沖田君達(殆んどおさげの子)が作ったアジフライ定食はご飯・大根の味噌汁・アジフライで構成されていて、ソースはウスターソース。
「ソースが三つか。自信のない証拠だな」
僕のアジフライ定食を見た沖田君が鼻で笑う。逆に聞きたいです。君の自信はどこから来るんでしょうか?
「衣はサクサクで、身はふっくらしている。何よりタルタルソースが美味しい!正義君、ソースそんなにドバドバ掛けたら、折角信吾君が作ってくれたアジフライがもったいないよ」
秋吉さんの言う通り、織田君はソースをドバドバ掛け、真っ黒なソースフライにしていた。

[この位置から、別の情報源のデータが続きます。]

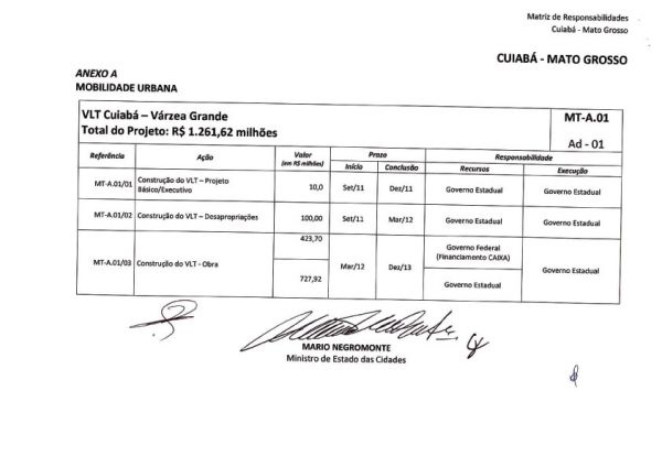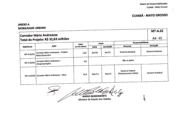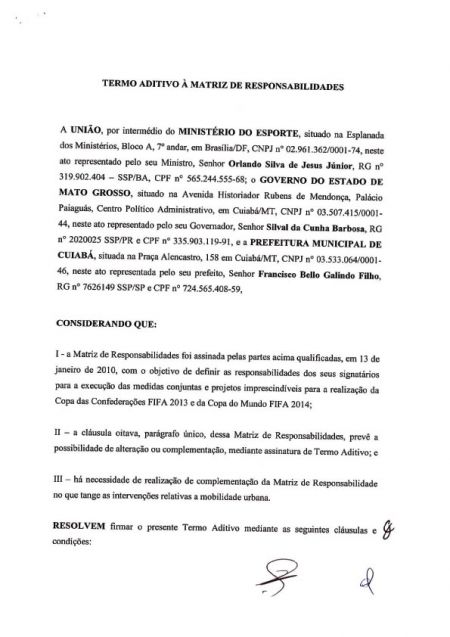 O documento traz ainda as assinaturas do então ministro de Estado do Esporte, Orlando Silva de Jesus Júnior e de Silval Barbosa (PMDB) que à época era o governador de Mato Grosso. Conforme a cláusula primeira do termo aditivo, o objetivo era complementar a Matriz de Responsabilidade no que dizia respeito às intervenções relativas a mobilidade urbana, de acordo com os projetos definidos.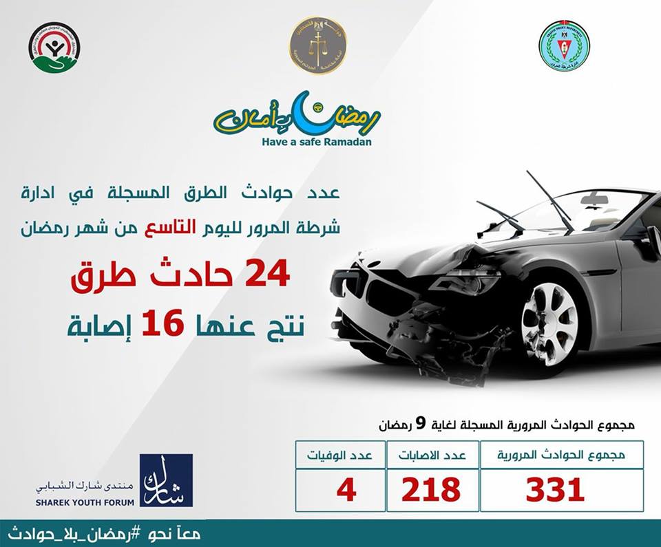 سجلت حملة رمضان بأمان لغاية التاسع من رمضان 331 حادث سير، نتج عنها 218 إصابة في محافظات الضفة الغربية.
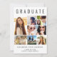 Eleganter und moderner Abschluss Ankündigung, den Absolvent mit "GRADUATE" über die Spitze in großen Typografie, eine 7-Foto-Collage und seinen Namen, Klassenjahr und Schule in einfachen Typografie zu feiern. Fügen Sie auf der Rückseite ein zusätzliches Foto und eine benutzerdefinierte Meldung hinzu.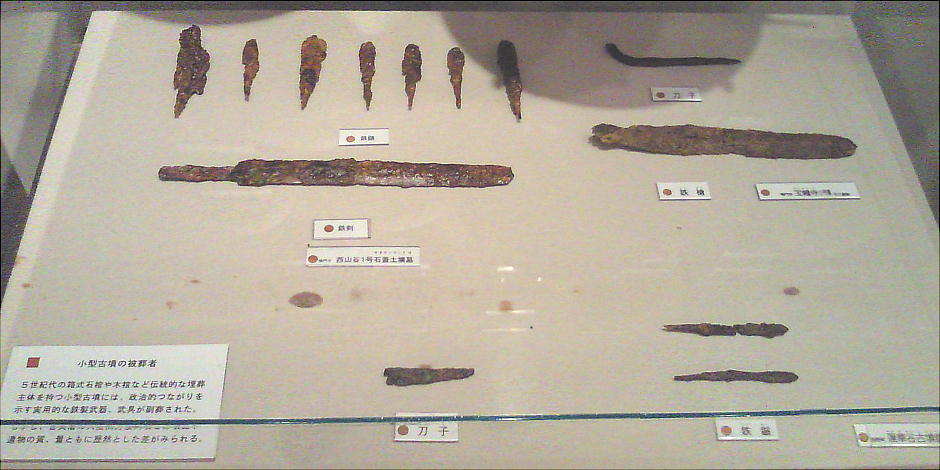 石室に葬られた人物は、朱のまかれた刳抜式木棺(くりぬきしきもっかん)に安置され、銅鏡、鉄剣、鉄槍、鉄鏃、ヤリガンナ、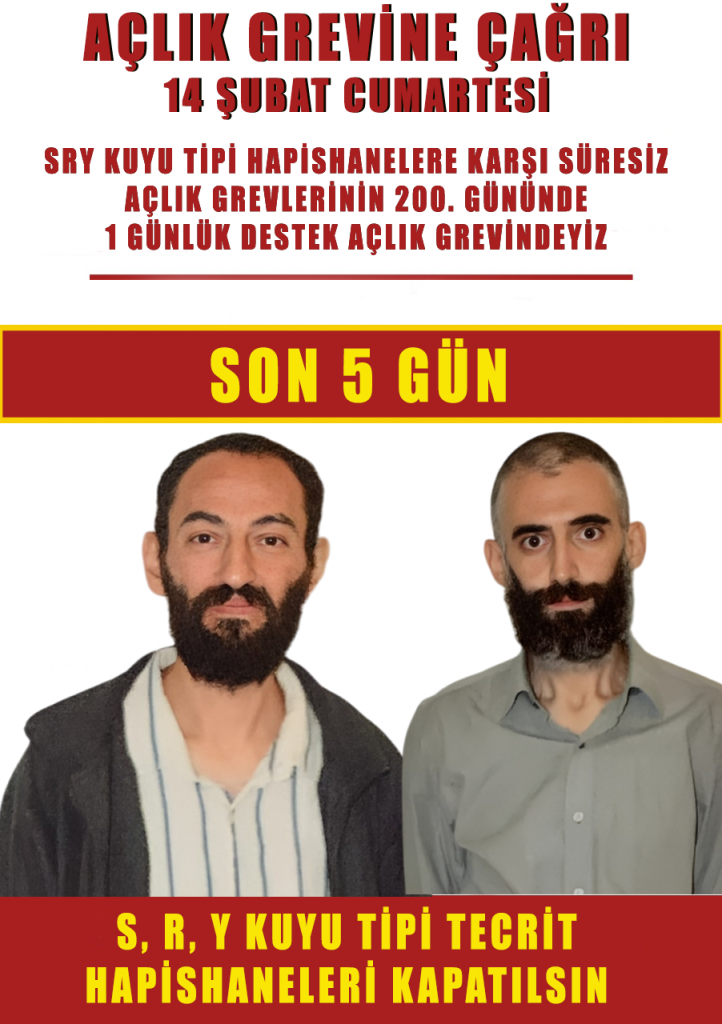 Tüm halkımızı Özgür Tutsakların direnişini sahiplenmeye, Tahsin Sağaltıcı ve Gürkan Türkoğlu’nun direnişlerinin 200. günü olan 14 Şubat Cumartesi günü 1 günlük destek açlık grevi yapmaya, destek videoları çekmeye çağırıyoruz.”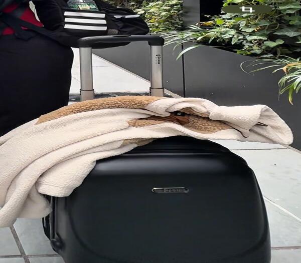 Please provide a detailed description of your lost item. If you lost a laptop, tablet, or cell phone, please provide details such as the make/model, color, and lock screen or background photo.: The suitcase is a carryon, black in color, with a logo that says “Genius” on the right side of the handle and on the front of the suitcase. Inside the suitcase, there are clothes and a colorful scarf. There’s also a white bag with green letters that contains a pair of black laceup boots. In addition, there is a black hair straightener and a light beige clothing iron, along with some items of sentimental value.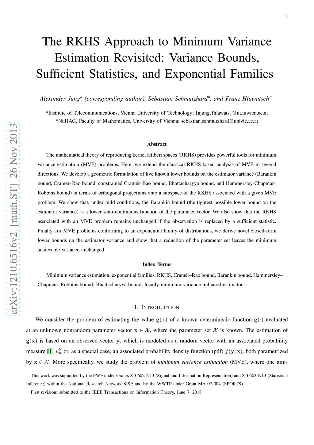 The RKHS Approach to Minimum Variance Estimation Revisited: Variance
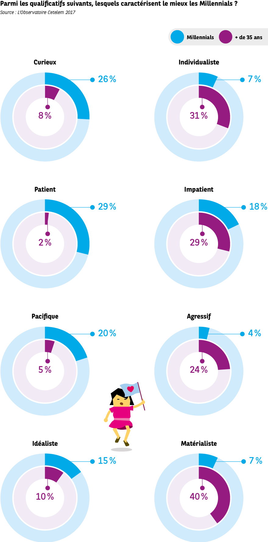 Toujours en opposition avec les + de 35 ans, les Millennials se jugent ensuite patients (29 % vs 2 %), curieux (26 % vs 8 %) et pacifiques (20 % vs 5 %). Les pays latins, Portugal, Italie et France, ainsi que la Belgique se distinguent à ce sujet.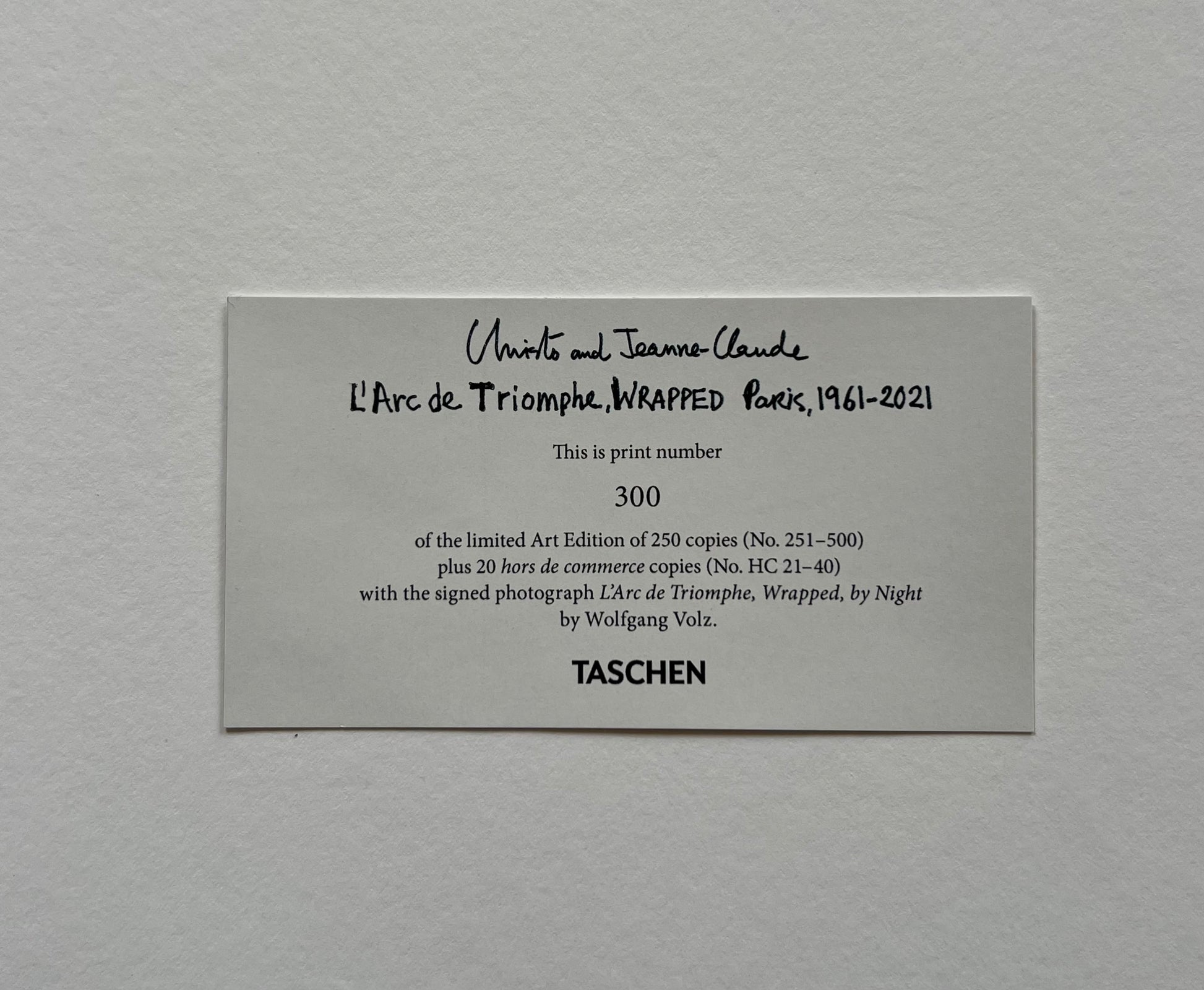 Limitierte Art Edition (No. 251-500) mit dem nummerieten Print L’Arc de Triomphe, Wrapped by Night, 2021, signiert von Projektfotograf Wolfgang Volz.

「信吾、怒らないのか?マナーに厳しい店だと、追い出されても仕方ないぞ」
徹があきれ顔で呟く。まあ、気持よくはないよ。
「食べ方は自由だよ。お客さんの食べ方には口出せないし」
今、そんな事をしたらネットで叩かれてしまう。見ないふりするのが一番なんです。
「だって味が濃い方が美味しいでしょ?実ちゃんのお父さんもソース沢山掛けるじゃん」
僕の言葉が聞こえていないのか、無邪気に笑う織田君……やっぱり二人は仲が良いんだ。
徹が僕の肩を優しく叩いてくれた……勝敗は友の目から見ても明らかと。
「実、正義に言っても無駄だって。甘酢漬けで口直しが出来るから、色んなソースが試せるな……よーしざーと、タルタルお代わりっ!」
桃瀬さんはキャベツにもタルタルソースを掛けていた。多めに作っておいて良かった。
「糖分の少ない粗目のパン粉を使っているから、食感が良いですね。それに、このお醤油は……煮切り醤油ですか」
流石は部長さん、気付いてくれたか。アジフライに醤油も合うんだけど、そのままじゃ芸がないから煮切り醬油にしてみました。
ふと、見るとおさげの子が不安そうな表情を浮かべていた。その視線の先にいるのは、不機嫌そうな沖田君……なんか僕が悪者になった感じです。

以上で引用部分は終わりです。